Domains on SQL interface

Domains are present as a flat table in the domains schema.

  • Attributes that are part of the domain are accessible as SQL columns.
  • Metrics that are part of the domain are accessible as SQL columns that can be aggregated on.
  • All filters of the domain apply (in addition to any filters in the SQL query).

See SQL interface for more details.

Domains as a context for dynamic datasets

A dynamic dataset can be associated with a domain. In that case, all domain configuration applies to the dynamic dataset query.

YAML Schema

Every domain is backed by a text file in git that defines it, and keeps history of every change.

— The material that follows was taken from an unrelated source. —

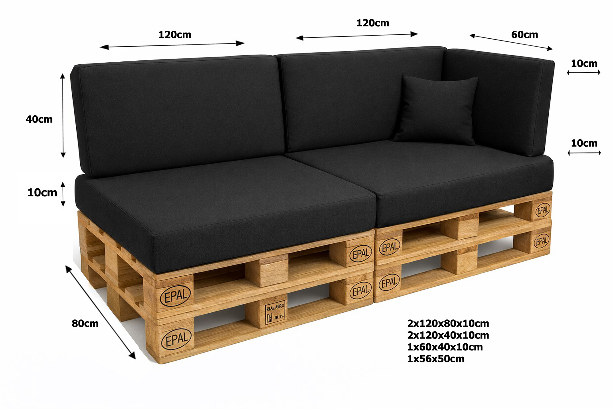 Jedes Kissen im Set ist 10 cm dick und garantiert so stabilen Sitzkomfort und optimale Lendenwirbelstütze. Diese Lösung ist ideal für alle, die keine Kompromisse eingehen wollen: Palettenkissen müssen weich, geschmeidig und langlebig sein.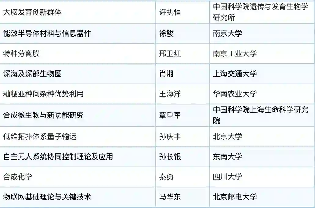 国家自然科学基金委也公布了创新研究群体项目资助名单,今年共有34家单位获得45项创新研究群体项目,其中北京大学获得4项,居各单位之首,清华大学和南京大学获得3项,并列第二位,上海交通大学、天津大学、中科院生物物理研究所、中科院遗传与发育生物研究所各获得2项。

The schema for a domain is:

type: domain
name: [name]
display_name: [display name]
owner: [owner]
description: |-
  [desciption]
labels: [...]
folder: [folder]
hidden: [True/False/Yes/No]
entities:
  - name: [entity name]
    fields:
      - name: [field name]
      - ...
    includes: [field pattern to include]
    excludes: [field pattern to exclude]
    role_path: [role]
    alias: [alias for role]
  - ...
filters:
  - [filter expression]
  - ...
source_filters:
  - [source filter expression]
  - ...
active_roles:
  - [active role]
  - ..
parameters:
  - name: [parameter name]
    value: [parameter value]
  - ...
short_term_aggregate_cache_ttl_seconds: [the duration for which a query result can be reused as part of the short-term aggregate cache]

Fields:

  • name: Name of domain
  • display_name, owner, description, labels, folder, hidden: Metadata
  • entities: List of entities that participate in the domain
    • name: Name of entity
    • fields: List of fields from the entity that participate in the domain
      • name: Name of field (attribute or metric)
    • includes: Optional field pattern to include
    • excludes: Optional field pattern to exclude
    • role_path: Optional role path
    • alias: Optional alias for entity
  • filters: List of semantic filters
  • source_filters: List of source filters
  • active_roles: List of active roles
  • parameters (optional): List of parameters and values (override workspace values if they exist)
  • short_term_aggregate_cache_ttl_seconds (optional): Control short term aggregate caching. See Automatic Aggregate Caching.